O governador Eduardo Leite, que confessou mais de uma vez ter deixado em segundo plano gastos em infraestrutura mesmo avisado que um desastre poderia ocorrer, não tem nem o nome citado. Está provado que o governo estadual e as prefeituras poderiam ter evitado a tragédia, mas, como Leite mesmo afirmou, era preciso cumprir as metas fiscais.
Bom, se os governos são apenas “em tese” responsáveis, então de quem é a culpa ou, segundo o título do artigo, quem são os “verdadeiros responsáveis”? E eles respondem: “Essas demandas colocariam nos bancos dos réus indústrias do petróleo, do carvão e grandes emissores de gases de efeito estufa, além de envolver os países que abrigam essas indústrias em seus territórios“.

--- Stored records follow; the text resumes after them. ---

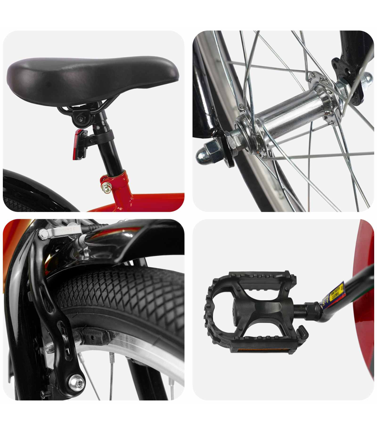 The Modern Kids Bike combines durability and style, making it an ideal choice for young riders exploring the outdoors. Its classic design blends traditional elegance with functional elements, ensuring a reliable and visually appealing ride for kids. Whether zooming through playground paths or cruising the neighborhood, this bike serves up a delightful experience with its sleek looks and robust build that's suited for children eager to ride. Durable Steel Frame: Built with a robust steel frame, this bike provides the foundational strength needed for reliable cycling. The steel material offers outstanding resilience against wear, making it perfect for youthful adventures and outdoor play. Its sturdy build ensures it withstands the demands of active use, promising longevity and consistent performance, so kids stay safe and secure. Adjustable Components: Featuring adjustable handlebars and seat, this bike grows with your child, accommodating different heights with ease. Customization helps secure a comfortable and ergonomic ride, reducing strain and maximizing riding enjoyment. From learning to ride to racing friends, adjustability ensures the bike remains a dependable companion. Single Speed Simplicity: The bike is designed with a single chainring, creating a straightforward riding experience for children. This feature minimizes the complexity of gear use, encouraging confidence in younger riders and simplifying maintenance. It's perfect for leisurely rides around the yard or park without gear distractions. Safety First Design: Equipped with a classic brake lever system, this bike offers effective stopping power crucial for safety. The intuitive design ensures kids can brake confidently, empowering them with control during their rides. Coupled with steel rims, it maintains reliable traction during sudden stops or wet conditions. Easy Maintenance and Care: Caring for this bike is simplified by its thoughtful design and resilient components. Store in a cool, dry location for optimal longevity, and occasionally check key screws and joints to keep it running smoothly. This ensures the bike remains in excellent condition, ready for its next adventure.
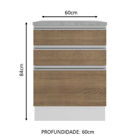 Gabinete Bajo 60 x 60 cm 3 Cajones Glamy (Con Encimera)...
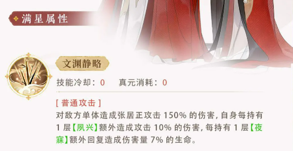 张居正的普通攻击“文渊静略”,初看之下只是较为常规的单体伤害技能,基础倍率为150%,但其特殊之处在于与他独有的双状态系统密切联动:每持有一层【夙兴】,附加10%额外伤害。而每层【夜寐】,可恢复伤害量7%的生命。这种“边打边养”的机制,使得张居正在输出的同时具备一定的自我续航能力,在中长线战斗中极具优势。
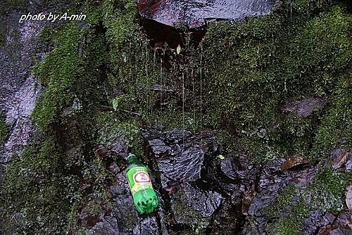 山壁上有一泓泉水從這邊流下來.. 還放了一個寶特瓶接水.大概是巡山人員的傑作..
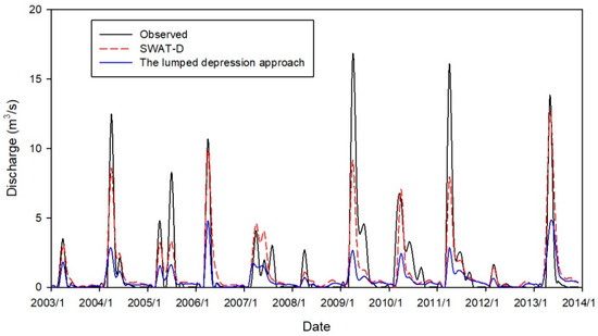 In the research reported in this paper, two modeling scenarios (MS1: SWAT-D; MS2: lumped depression approach) were performed to demonstrate the improvement of the SWAT-D and the importance of the research reported in this paper. Figure 8 and Figure 9 display the monthly and daily discharges at the watershed outlet simulated by using the lumped depression approach. From the comparison of the simulated outlet discharges for MS1 and MS2, it can be observed that the discharges at the watershed outlet were reasonably reproduced in MS1, while the lumped depression approach tended to underestimate the outlet discharges in MS2. The differences in the simulation results for the two scenarios can be attributed to the different representations of depressions (Figure 10). In MS2, all depressions within a subbasin were lumped together, and the lumped depression did not contribute any surface runoff until its threshold was reached. In reality, however, depressions with smaller MDS made runoff contributions at the early stage, while larger depressions were still at the filling condition. Thus, with the lumped depression representation, more rainfall excess was trapped in the depression, and surface runoff generated from the depressional area was underestimated. In MS1, instead of using a lumped depression, all individual depressions were considered, and their filling–spilling dynamics were tracked through the intrinsic changing patterns of the contributing area and depression storage (Figure 10). In such a configuration, the gradual water release from depressions and the threshold behavior of an overland flow can be simulated. Therefore, tracking the filling–spilling of depressions avoids underestimating the generated surface runoff and outlet discharges and endues the SWAT-D with the ability to mimic depression-influenced hydrologic processes.
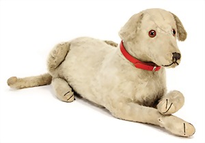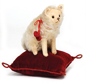 Spitz, Mohairplüsch, blond, sitzend, rote Kordel durch Kordel mit 2 Glocken ergänzt, Sitzhöhe: 17 cm, Schuhknopfaugen, mit Knopf, Maulbestickung fehlt, 1 Pfote minim. aufgegangen, sonst guter Zust., 1905

Vejam só que maravilha. Descobrimos que basta parar de desenvolver o país que não haverá mais desastres climáticos. Explorar petróleo? Crime! Industrializar? Crime!
O desenvolvimento nacional é o culpado de tudo. Nesse sentido, está certo Eduardo Leite, os tucanos e a burguesia pró-imperialista. Vamos desindustrializar o País. Afinal, não é o que os governos neoliberais vêm fazendo há décadas?
Um artigo publicado em 2021 no Jornal da USP mostrava que o Brasil perdeu mais de 36 mil indústrias em seis anos, de 2015 a 2020. Isso apenas para ficar no período mais recente. Seria essa, então, a solução para evitar os desastres climáticos?
Certamente não é a solução, mas é o objetivo daqueles que defendem ideias como as contidas no artigo publicado na Folha.
Há duas conclusões no artigo. A primeira é a de que a culpa não é dos governos, mesmo estes sendo quase réus confessos. A segunda é que o Brasil deveria ser responsabilizado caso abrigue atividades econômicas consideradas maléficas para o meio ambiente. Valendo até ações judiciais contra o país:
“Há aporte teórico e experiências em cortes estrangeiras para embasar ações judiciais dessa natureza. Não é mais aceitável a irresponsabilidade climática de alguns países, que assumem posições contraditórias e contrárias ao Acordo de Paris e que violam os direitos humanos de pessoas que vivem em nações que não causam desequilíbrio climático relevante, mas sofrem com desastres devastadores.”
Para a imprensa burguesa, quem viola os direitos humanos não é Eduardo Leite, que se recusou a gastar com obras de infraestrutura mesmo tendo sido avisado do desastre. O irresponsável, o violador de direitos humanos, não é o governo do Rio Grande do Sul, mas algum ente misterioso que não cumpre acordos climáticos; é a “irresponsabilidade climática”.
Assim, se um governo decidir industrializar o país, explorar o petróleo e o carvão, em suma, desenvolver a economia nacional, ele será acusado de “violar os direitos humanos”. Mas se um governo confessa ter deixado de investir em infraestrutura para evitar um desastre anunciado, se ele entrega toda a economia nacional para os especuladores, como faz Eduardo Leite, esse pode até ser um grande modelo de gestão.
Aprendemos que não desenvolver o país e deixar o povo na miséria, isso não é contra os direitos humanos. Deixar deliberadamente o povo morrer graças à falta de investimento, isso também não é contra os direitos humanos. O problema mesmo é o desenvolvimento, isso, sim, é uma violação dos direitos humanos e deve até sofrer com ações judiciais internacionais.